Племянник медленно повел меня по коридору. Я благодарно улыбнулась в ответ, услышав, как Рафаэл сказал, что поедет на машине, и привезет Эдуарду максимум через сорок минут, а если нет, то Скорая, по его подсчетам, приедет еще раньше.
Но прошло два часа. Подходил к концу третий. Схватки повторялись чаще, и терпеть их с невозмутимым выражением лица становилось сложнее. Все это время я, как заведенная, мерила шагами комнату и чуть ли не каждые пятнадцать минут посещала уборную. Когда же боль достигала своего пика, опиралась рукой о подоконник, вдыхая свежий воздух из открытого окна. Каждый раз, подходя, надеялась, что увижу въезжающий на территорию автомобиль Рафаэла, но ни его, ни «кареты» Скорой помощи не оказывалось.
«Реальность всеми силами старается избавиться от всего чужеродного — таков закон!» — билось в висках.
Шансы оказаться в стерильной операционной, а не прямиком в родзале стремительно приближались к нулю. Несколько минут назад заглядывала Зулмира, сообщив, что Эурику проверил телефонный кабель и не нашел повреждений.
— Значит, кто-то из вас забыл оплатить счет! — со злобой выплюнула мама. — Я еще раз попрошу Рафаэла уволить вас!
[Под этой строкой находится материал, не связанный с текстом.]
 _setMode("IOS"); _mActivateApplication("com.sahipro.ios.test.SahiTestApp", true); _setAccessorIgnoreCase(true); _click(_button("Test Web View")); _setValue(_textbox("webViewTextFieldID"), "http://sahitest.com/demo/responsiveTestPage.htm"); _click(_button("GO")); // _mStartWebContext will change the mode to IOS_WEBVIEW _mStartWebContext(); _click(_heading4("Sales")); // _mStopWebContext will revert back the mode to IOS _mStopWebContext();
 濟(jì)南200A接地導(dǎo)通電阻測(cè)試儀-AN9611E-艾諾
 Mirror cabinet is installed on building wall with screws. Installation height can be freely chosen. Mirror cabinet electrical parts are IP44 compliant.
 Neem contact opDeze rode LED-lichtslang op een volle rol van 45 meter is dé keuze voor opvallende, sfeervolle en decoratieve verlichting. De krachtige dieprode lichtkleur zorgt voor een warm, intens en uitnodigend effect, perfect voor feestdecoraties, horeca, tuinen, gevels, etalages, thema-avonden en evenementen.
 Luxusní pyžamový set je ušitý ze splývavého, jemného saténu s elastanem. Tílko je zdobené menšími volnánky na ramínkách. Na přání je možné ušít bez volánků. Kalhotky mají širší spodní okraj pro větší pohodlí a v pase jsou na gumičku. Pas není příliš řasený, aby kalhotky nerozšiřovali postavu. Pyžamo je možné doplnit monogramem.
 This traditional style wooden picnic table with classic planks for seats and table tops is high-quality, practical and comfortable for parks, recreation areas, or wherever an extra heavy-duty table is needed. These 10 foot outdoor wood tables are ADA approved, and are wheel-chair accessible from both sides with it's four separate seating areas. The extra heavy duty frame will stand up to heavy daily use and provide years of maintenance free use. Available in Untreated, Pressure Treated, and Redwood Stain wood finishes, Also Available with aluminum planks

— Но, дона Дебора… — растерялась служанка.
— Несколько дней назад, когда забирал меня с осмотра, Рафаэл сам заехал в банк по своим делам, а заодно оплатил все счета! — поморщилась я.
— Да?.. — задумчиво произнесла мама. — Тогда телефон, действительно, неисправен… Можешь быть свободна, Зулмира!
Служанка, извинившись, закрыла за собой дверь. Мама пристально посмотрела на меня и покачала головой.
— Пять минут и тридцать пять секунд, — прокомментировала я свой страдальческий вид, ощущая вновь подступающую боль, и взглянула на часы. — В прошлый раз было семь.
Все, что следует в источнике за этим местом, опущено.